Why Don’t Larger Subwoofer Drivers Play Lower

When you start shopping for subwoofers, it’s easy to look for shortcuts. More expensive surely means more better. Bigger driver probably means it can play lower? Ports suggest louder? A few minutes into your research and you’ll learn that none of those are universally true. You can find sealed subwoofers that can play very loud. There are fairly inexpensive subwoofers that can outperform others that cost much more. The most confusing one, however, is when you find a subwoofer with a smaller driver with greater extension than a sub with a bigger driver. Why don’t larger subwoofer drivers always play lower than smaller drivers? Let’s discuss.

Sum of the Parts

The easy and correct answer is that subwoofers are not just a driver. If the driver were the defining factor of a subwoofer, then larger drivers would probably be able to play consistently lower than smaller drivers. A subwoofer’s performance isn’t just determined by its driver size. There is the enclosure, the amp, DSP, and many other factors that will determine how a subwoofer performs.

Drilling down even further, a driver isn’t just the size of the diaphragm. There are lots of parts of the driver that will determine how it performs. When SVS was developing their 2000 series subwoofers, they went through dozens of prototypes before they settled on a driver with the right performance. If diaphragm size were the most important performance factor, all subwoofers with the same driver size would play just as low.

Subwoofers are Designed to Hit Performance Metrics

When you shop for a car, you have specific features in mind. Maybe it is the engine horsepower, the number of seats, color, type, or make. You probably have a couple of these in mind. For example, the last time I shopped for a car, I was using it for work. I needed specific towing capacity, four-wheel drive, and a few other features. Now that I no longer use my vehicle for work, I don’t need all of that. I’m stuck with a vehicle with crappy gas mileage and a bunch of features I no longer use.

Subwoofers are the same. When the design team starts, they have performance metrics in mind. They want to hit a specific extension, fill a specific volume of air, and often have a maximum price point in mind. With those metrics in hand, the designers have to come up with a design that will fulfill all those at the same time. Sometimes they can do that by slapping a massive driver in a huge box and calling it a day. Other times, they have specific size requirements that will limit what size drivers they can use. Suddenly, they need to find a way to make a smaller driver play lower than other subwoofers with the same size drivers.
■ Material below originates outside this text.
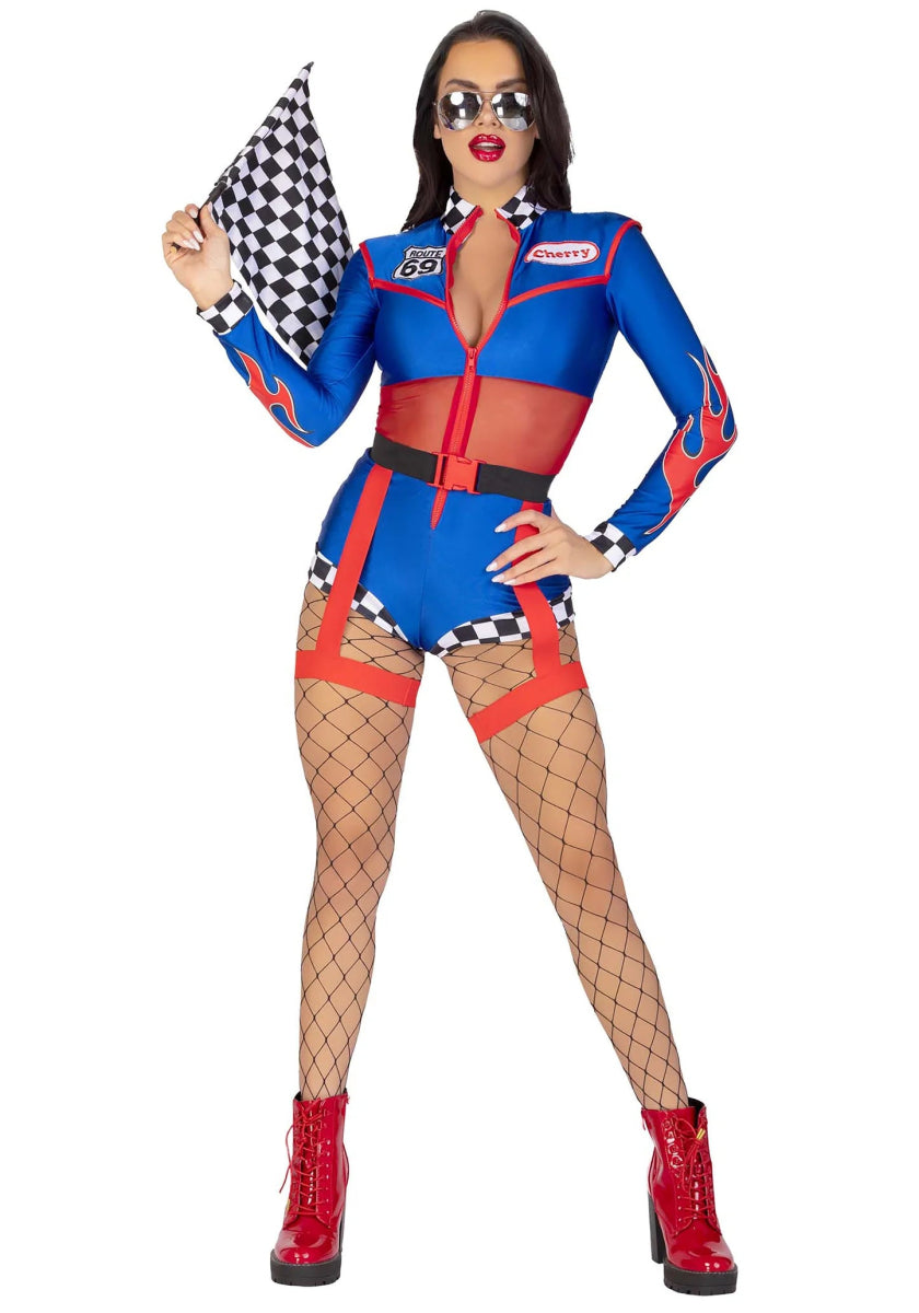 Bepaal de regels tijdens een motor- of autorace in het 2-delige Cherry Bomb Racer kostuum van Leg Avenue! Dit opwindende kostuum bevat een romper met ritssluiting, een riem met aangehechte jarretels en badge-accenten. De romper heeft een vlammenpatroon op de mouwen en sexy doorschijnende stof rond de taille. Perfect voor een themafeest of Carnaval, deze set laat je stralen als de ultieme race diva! 🚗💥

Back to SVS, when you look at their 3000 Micro subwoofer, you have a subwoofer with smaller drivers performing similarly to another sub with much larger drivers. Of course, the 3000 Micro subwoofer has two drivers instead of one, but it still plays as low or lower than other subwoofers with dual drivers that are larger.

Not Everything is Designed for Max Extension

The extension of a subwoofer is a very important metric that people often take for granted. They think that just because home theater people care about maximum extension, all subwoofers are designed with extension in mind. That’s not the case. In many instances, the goal of a subwoofer is to boost the low end of music (think live venue subwoofers) where extension past 30Hz really isn’t important. What is important is output. These subwoofers will be designed to play very loud down to 30Hz with no meaningful output past that point.

Home theater enthusiasts, trained that infrasonics are important (they aren’t), will be baffled by such a design. Humans can hear down to 20Hz. Why would your subwoofer NOT play those notes? Well, in music there is exceedingly little (if any) content that low. Creating a subwoofer that can play that low would just make it more expensive for no real-world performance gains.

Take Away

In all hobbies, there are “rules of thumb” that more knowledgeable people know are wrong. Carbon fiber bikes aren’t always the best, cars with larger engines aren’t always faster, and larger subwoofer drivers don’t always play lower. In all those examples, people are chasing a single spec instead of looking at the whole. Once you can look at a subwoofer as a system and not simply at the driver size, you’ll be able to find the right product for you.